[Date Prev][Date Next][Thread Prev][Thread Next][Date Index][Thread Index]

Re: hash table access time



    To frequent hashers:

    We've just done some timings to compare hash-table
    access speed with assoc-list access speed,
    on a Symbolics using a Genera 7.1 system.

    I was surprised that it was this high,
    since hash-tables are supposed to be designed to optimize access time.
    Does anyone know what makes hashing this slow?
    Is it simply because the numerical hashing operations
    are much slower than list access operations on the lisp machine hardware?

    Does anyone know of any tricks to make hash-table access faster?

I also fell into the "hash table trap" myself about six months ago.
It is very tempting to use hash tables as a panacea without fully
understanding all of the gotchas involved.
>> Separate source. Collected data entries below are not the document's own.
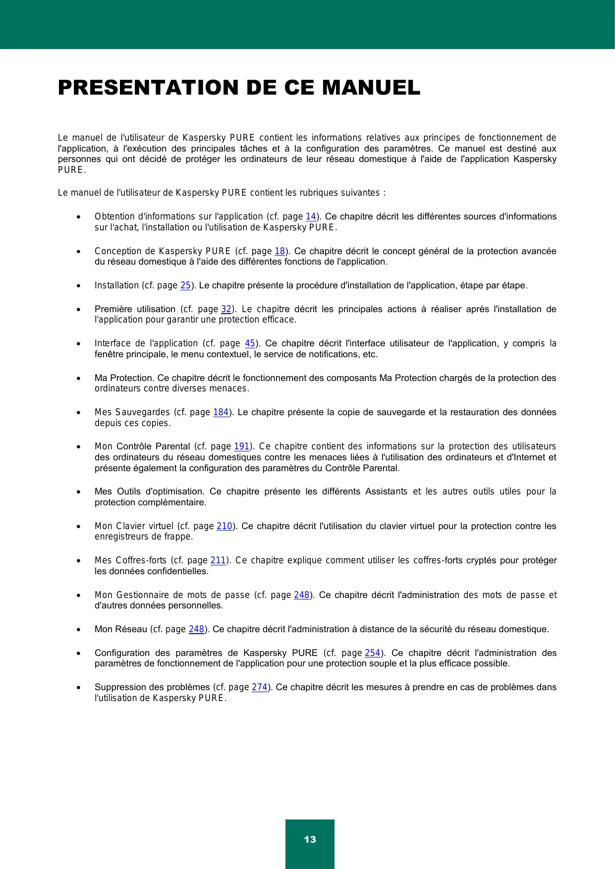 Le manuel de l'utilisateur de Kaspersky PURE contient les informations relatives aux principes de fonctionnement de l'application, à l'exécution des principales tâches et à la configuration des paramètres. Ce manuel est destiné aux personnes qui ont décidé de protéger les ordinateurs de leur réseau domestique à l'aide de l'application Kaspersky PURE. Le manuel de l'utilisateur de Kaspersky PURE contient les rubriques suivantes :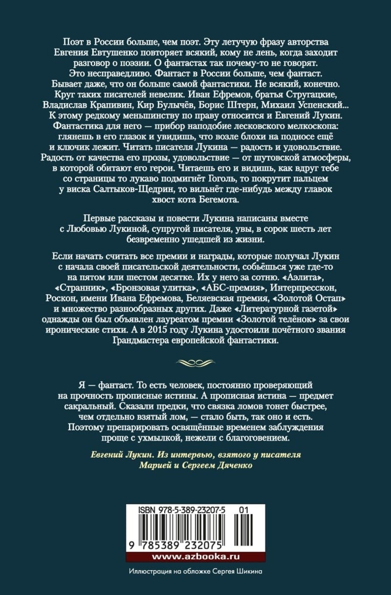 Поэт в России больше, чем поэт. Эту летучую фразу авторства Евгения Евтушенко повторяет всякий, кому не лень, когда заходит разговор о поэзии. О фантастах так почему-то не говорят. Это несправедливо. Фантаст в России больше, чем фантаст. Бывает даже, что он больше самой фантастики. Не всякий, конечно. Круг таких писателей невелик. Иван Ефремов, братья Стругацкие, Владислав Крапивин, Кир Булычёв, Борис Штерн, Михаил Успенский… К этому редкому меньшинству по праву относится и Евгений Лукин. Фантастика для него — прибор наподобие лесковского мелкоскопа: глянешь в его глазок и увидишь, что возле блохи на подносе ещё и ключик лежит. Читать писателя Лукина — радость и удовольствие. Радость от качества его прозы, удовольствие — от шутовской атмосферы, в которой обитают его герои. Читаешь его и видишь, как вдруг тебе со страницы то лукаво подмигнёт Гоголь, то покрутит пальцем у виска Салтыков-Щедрин, то вильнёт где-нибудь между главок хвост кота Бегемота. Первые рассказы и повести Лукина написаны вместе с Любовью Лукиной, супругой писателя, увы, в сорок шесть лет безвременно ушедшей из жизни. Если начать считать все премии и награды, которые получал Лукин с начала своей писательской деятельности, собьёшься уже где-то на пятом или шестом десятке. Их у него за сотню. «Аэлита», «Странник», «Бронзовая улитка», «АБС-премия», Интерпресскон, Роскон, имени Ивана Ефремова, Беляевская премия, «Золотой Остап» и множество разнообразных других. Даже «Литературной газетой» однажды он был объявлен лауреатом премии «Золотой телёнок» за свои иронические стихи. А в 2015 году Лукина удостоили почётного звания Грандмастера европейской фантастики.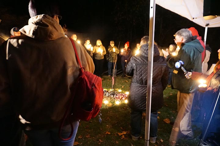About 40 people formed a candle-lit circle around the small pawpaw tree to sing “Happy Birthday to You” and share some stories about Clark’s life, while camera news crews from two area television stations filmed the gathering.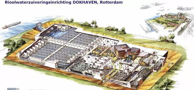蘭的Dokhaven污水廠位于荷蘭第二大城市鹿特丹的市中心,在荷蘭約350座污水處理廠中,該廠是荷蘭唯一的一座地下污水廠,只有中控室建于地上。中國城市污水處理概念廠委員會秘書處日前聯(lián)系到該污水廠所屬的水委會Waterschap Hollandse Delta(WSHD)、STOWA、 Royal HaskoningDHV的相關(guān)專家對這座著名的污水廠的地下設(shè)計進(jìn)行了分析點評。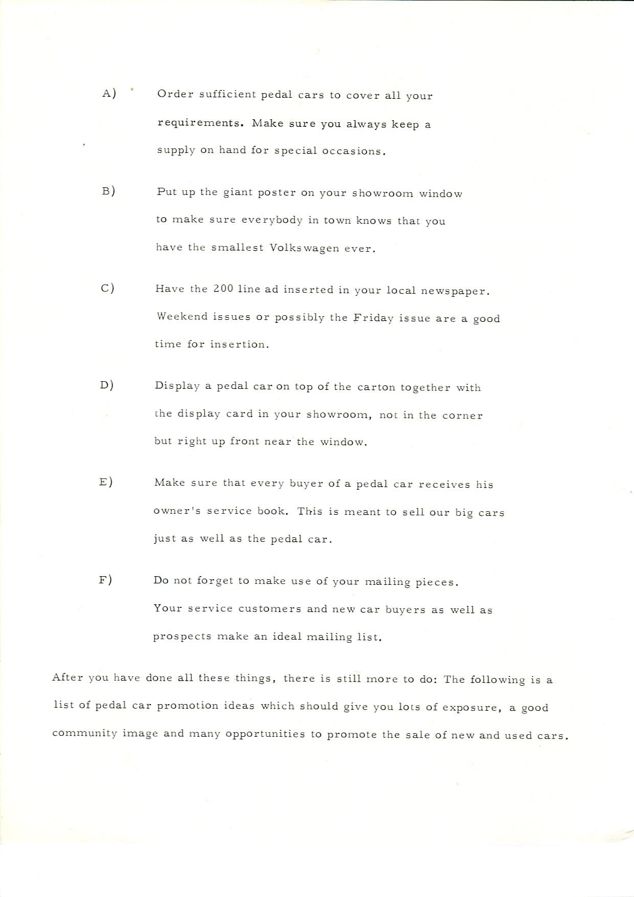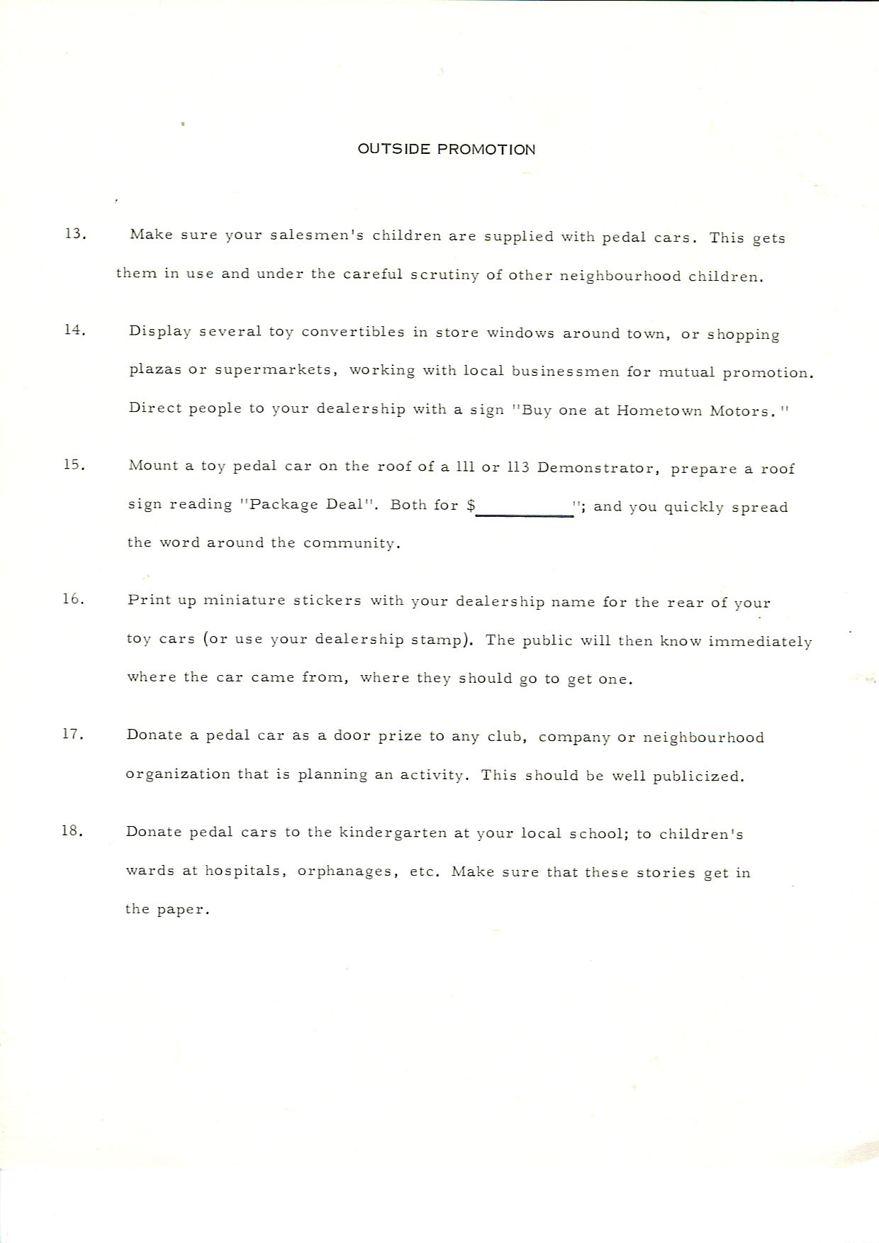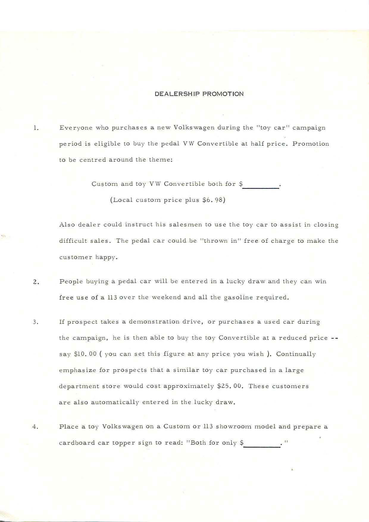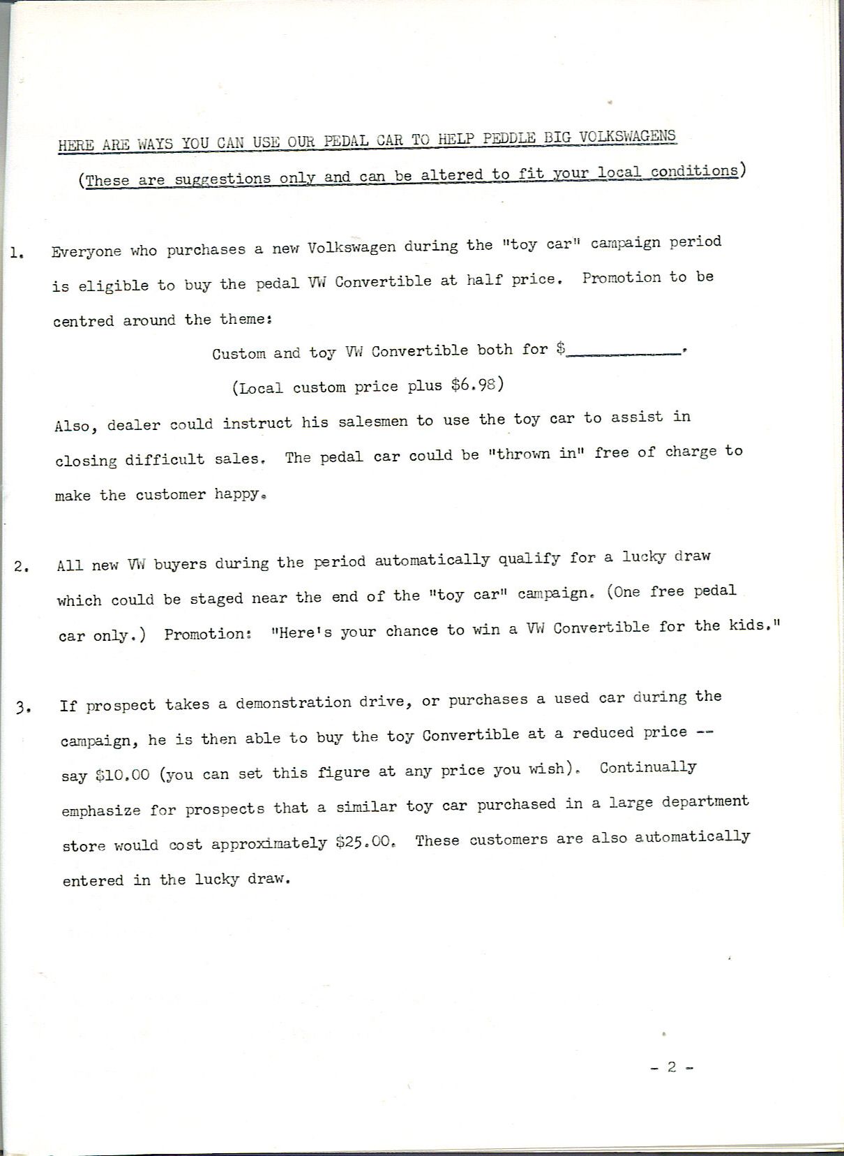 Some of the Volkswagen dealerships in Canada had a Pedal Car Promotional Campain. The promotion used the RELIABLE TOY pedal car to help sell the real size VWs at the time. Here are copies of the documents outlining a check list of things to do for the campaign.

From what I can tell
although some of the information I am about to describe is
documented, much of it is not. This necessitated my disassembling
some system code to try to figure out how things work as these
sources are not available. Also, it has been six months since
I did this and I am not sure I remember all of the issues involved.
Well anyway, here goes...

First of all, I use a lot of EQ hash tables. It turns out that these,
or any other hash table which hashes on addresses can run into two
potential problems. First, after every GC the tables must be rehashed.
Second, GC flips are inhibited during hash tables accesses. In the first
case, if you have many, many small hash tables as I once did, you lose
real big as you spend all of your time rehashing with even a small
amount of consing and the ephemeral GC. The second problem causes a more
subtle performance bug. It turns out that the way flip inhibiting is
implemented, the GC process does not know when flipping becomes uninhibited.
So if it tries to flip and can't because some process inhibited flips it
waits 30 seconds and tries again. If it fails again it waits 60 seconds
and tries again. Each time it fails it doubles the wait time. So if you
do a lot of consing and a lot of table access then you run a greater chance
of having a flip attempt collide more frequently with a table access which
means that the flipping will get inhibited for more time which gives you
time to cons more and potentially run out of space. Now I don't know whether
EQL hash tables and EQUAL hash tables run into the same problems for leaf
level symbols.

It turns out that I was using EQ hash tables primarily to hash on flavor
objects. One solution for this case is to have each object contain its own
"serial number" to be used as a hash value. The idea is that a global
counter is kept which is used to assign a unique fixnum serial# to each
instance as it is created. Then hash tables are created which have
a user specified :test and :hash-function. Here is some sample code.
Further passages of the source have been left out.